Always the need for control, Darger thought. She imagined Curtis hurrying back to his office to start composing whatever sermon or eulogy he’d deliver to his “family.” Then she felt a little guilty. Surely even charismatic cult leaders felt
grief.
“We’ll try not to mention it,” she said.
“Thank you.” He reached for something in one of his pockets and handed Darger a business card. “And in case we don’t speak again before you leave, here’s a card with an email and phone number where I can be reached, should you have any further questions.”
“We appreciate that,” Darger said, making a show of passing the card off to Loshak, who tucked it in his jacket with a smirk only she saw.

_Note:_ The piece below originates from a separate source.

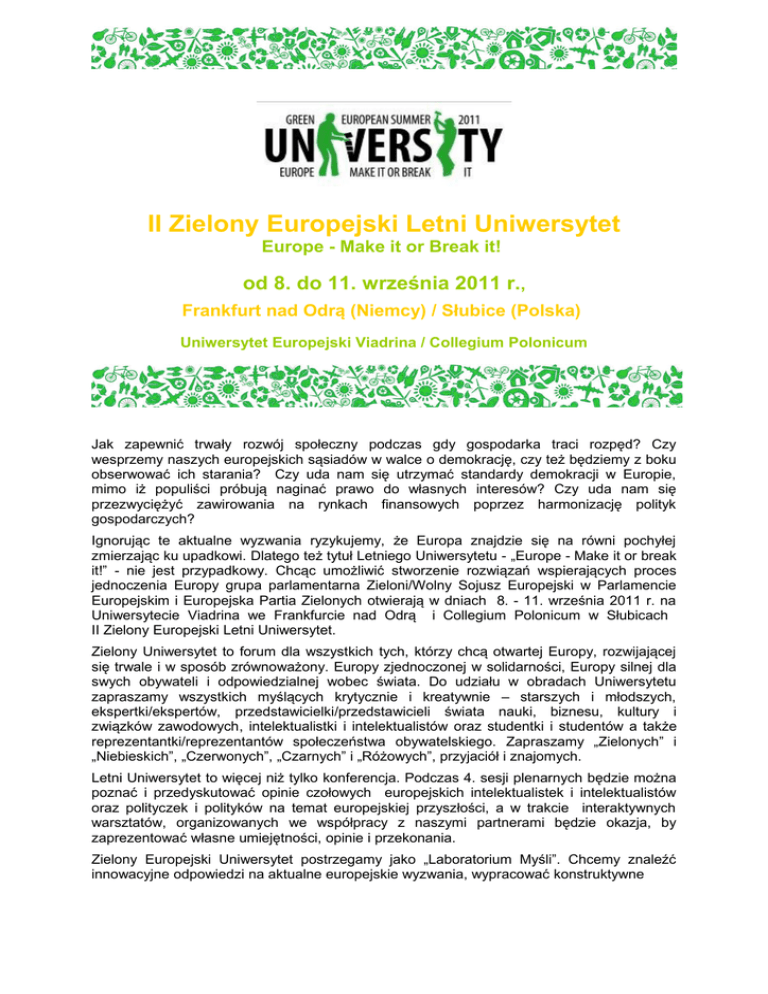 II Zielony Europejski Letni Uniwersytet Europe - Make it or Break it! od 8. do 11. września 2011 r., Frankfurt nad Odrą (Niemcy) / Słubice (Polska) Uniwersytet Europejski Viadrina / Collegium Polonicum Jak zapewnić trwały rozwój społeczny podczas gdy gospodarka traci rozpęd? Czy wesprzemy naszych europejskich sąsiadów w walce o demokrację, czy też będziemy z boku obserwować ich starania? Czy uda nam się utrzymać standardy demokracji w Europie, mimo iż populiści próbują naginać prawo do własnych interesów? Czy uda nam się przezwyciężyć zawirowania na rynkach finansowych poprzez harmonizację polityk gospodarczych? Ignorując te aktualne wyzwania ryzykujemy, że Europa znajdzie się na równi pochyłej zmierzając ku upadkowi. Dlatego też tytuł Letniego Uniwersytetu - „Europe - Make it or break it!” - nie jest przypadkowy. Chcąc umożliwić stworzenie rozwiązań wspierających proces jednoczenia Europy grupa parlamentarna Zieloni/Wolny Sojusz Europejski w Parlamencie Europejskim i Europejska Partia Zielonych otwierają w dniach 8. - 11. września 2011 r. na Uniwersytecie Viadrina we Frankfurcie nad Odrą i Collegium Polonicum w Słubicach II Zielony Europejski Letni Uniwersytet. Zielony Uniwersytet to forum dla wszystkich tych, którzy chcą otwartej Europy, rozwijającej się trwale i w sposób zrównoważony. Europy zjednoczonej w solidarności, Europy silnej dla swych obywateli i odpowiedzialnej wobec świata. Do udziału w obradach Uniwersytetu zapraszamy wszystkich myślących krytycznie i kreatywnie – starszych i młodszych, ekspertki/ekspertów, przedstawicielki/przedstawicieli świata nauki, biznesu, kultury i związków zawodowych, intelektualistki i intelektualistów oraz studentki i studentów a także reprezentantki/reprezentantów społeczeństwa obywatelskiego. Zapraszamy „Zielonych” i „Niebieskich”, „Czerwonych”, „Czarnych” i „Różowych”, przyjaciół i znajomych. Letni Uniwersytet to więcej niż tylko konferencja. Podczas 4. sesji plenarnych będzie można poznać i przedyskutować opinie czołowych europejskich intelektualistek i intelektualistów oraz polityczek i polityków na temat europejskiej przyszłości, a w trakcie interaktywnych warsztatów, organizowanych we współpracy z naszymi partnerami będzie okazja, by zaprezentować własne umiejętności, opinie i przekonania. Zielony Europejski Uniwersytet postrzegamy jako „Laboratorium Myśli”. Chcemy znaleźć innowacyjne odpowiedzi na aktualne europejskie wyzwania, wypracować konstruktywne rozwiązania i koncepty. Pragniemy inicjować zmiany i tworzyć postęp – słowem - kreować przyszłość Europy. Będziemy słuchać i obserwować, czytać i dyskutować o tym, jak „udźwignąć Europę” … aby nie skazać jej na upadek. Biorąc udział w Letnim Uniwersytecie możesz także liczyć na swobodną atmosferę, dobrą zabawę z muzyką „na żywo” i wydarzeniami kulturalnymi w miłym towarzystwie. Viadrinę we Frankfurcie nad Odrą i Collegium Polonicum w Słubicach nie bez powodu wybraliśmy jako miejsce dyskusji i debat. Ten międzynarodowy Uniwersytet z siedzibą w dwóch miastach połączonych mostem nad Odrą jest miejscem symbolicznym łączącym na granicy dwóch krajów - Polski i Niemiec - także Europę. Program (organizatorzy zastrzegają sobie możliwość wprowadzenia zmian) Szczegółowa oraz regularnie aktualizowana wersja programu znajduje się na naszej stronie internetowej www.green-summer-university.eu . Wszystkie debaty plenarne i warsztaty będą tłumaczone na język polski, francuski, angielski oraz niemiecki (włoskie i hiszpańskie tłumaczenia zostaną potwierdzone) od 14.00 15.00 – 19.00 Czwartek 08 / 09 / 2011 Rejestracja na Uniwersytecie Viadrina Treningi (ok. 5 treningów jednocześnie): • • „Jak organizować kampanie społeczne w sieci?” • • „Jak interesująco pisać o polityce?” - kurs kreatywnego pisania Parlament: „Jak prowadzić negocjacje dotyczące zmian klimatu?” gry sytuacyjne więcej: www.green-summer-university.eu alternatywnie: 15.00 – 17.00 Wycieczki po mieście i okolicy: • „Slubfort” - City tour • Frankfurt nad Odrą – City tour • NaBu - Tour więcej: www.green-summer-university.eu alternatywnie: 15.00 – 17.00 Seans filmowy: „Welcome” 17.00 – 19.00 Sesje warsztatowe 1 (ok. 10 warsztatów jednocześnie): • • „Zielona gospodarka w krajach post- komunistycznych.” • • „Młodzi dla demokracji” „Wyzwania dla Europejskiej Polityki Bezpieczeństwa i Obrony: Piractwo w Somalii.” więcej: www.green-summer-university.eu 19.00-20.00 Kolacja „Slow Food” i „Kiermasz lokalnych produktów ekologicznych” (tbc) 20.00 Kino „Open Air” : "Salami Aleikum" Piątek 09 / 09 / 2011 10.00 - 11.30 Sesje warsztatowe 2: (ok. 10 warsztatów jednocześnie): • • • • 11.30 – 13.00 „Jak wykorzystać możliwości reformy Wspólnej Polityki Rolnej?” „Cyfrowe wykluczenie - dostęp do internetu prawem człowieka?” „Czy w równym społeczeństwie wszystkim żyje się lepiej?” więcej: www.green-summer-university.eu. Seans filmowy: „For a moment Freedom” alternatywnie: 9.30 – 14.30 Wizyty w lokalnych projektach / inicjatywach: • • • Wizyta w kopalni węgla brunatnego „Energie odnawialne - zielone miejsca pracy“ więcej: www.green-summer-university.eu alternatywnie: 11.30 – 15.00 Wycieczki: • „Slubfort” - City tour • • Frankfurt nad Odrą – City tour NaBu - Tour • więcej: www.green-summer-university.eu 15.00– 16.30 Performance: „Waste artist” (tbc) 16.30 – 17. 00 Otwarcie obrad Zielonego Uniwersytetu Powitanie: • Rebecca Harms i Daniel Cohn-Bendit - współprzewodniczący grupy parlamentarnej Zieloni/WSE w Parlamencie Europejskim • • Monica Frassoni - rzeczniczka Europejskiej Partii Zielonych Gunter Pleugner - prezydent Europejskiego Uniwersytetu Viadrina 17.00 – 17.30 Wykład wprowadzający: St

“I can’t say it’s been a pleasure, given the news,” Curtis said, shaking each of their hands. “But I do hope we meet again.”
He said that last part as he stared into Darger’s eyes, and she couldn’t break the eye contact fast enough. She waited until he’d left the greenhouse before she allowed herself to fully relax.
“This might be our chance to inquire about the soil details,” Loshak said, keeping his voice low. “But we’ll have to tread lightly.”
Darger nodded but couldn’t say anything because Sandy was approaching.
She took off a pair of work gloves and shoved them down into one of the back pockets of her shorts.
“I’d offer to shake your hand, but I’ve been up to my elbows in compost all morning,” she said. “I’m sparing you, trust me.”
They introduced themselves, and then Darger dove in.
“Curtis told us you could tell us about Worm.”
“Ah yes. Worm was my jack of all trades.” Sandy winced. “I expect Curtis probably told you about the drugs? A shame about that. We first hooked up with Worm because we needed someone to operate a backhoe when we were putting in some irrigation lines. Hired him for that job, and it turned out he was a fairly handy guy in a lot of ways.”
“Did you know his real name?”
“Nope. Sorry.” Sandy crossed her arms. “He’s kind of a squirrelly guy, actually. Maybe that shoulda been his name instead. Squirrel.”
She let out a chuckle that sounded forced to Darger’s ears.
“What about where he was from?”
“Afraid I don’t know that either,” Sandy said with a shrug. “All told, Worm was only really around for eight months or so. I wish I could tell you more, but Curtis was pretty clear about cutting ties with him after the whole debacle.”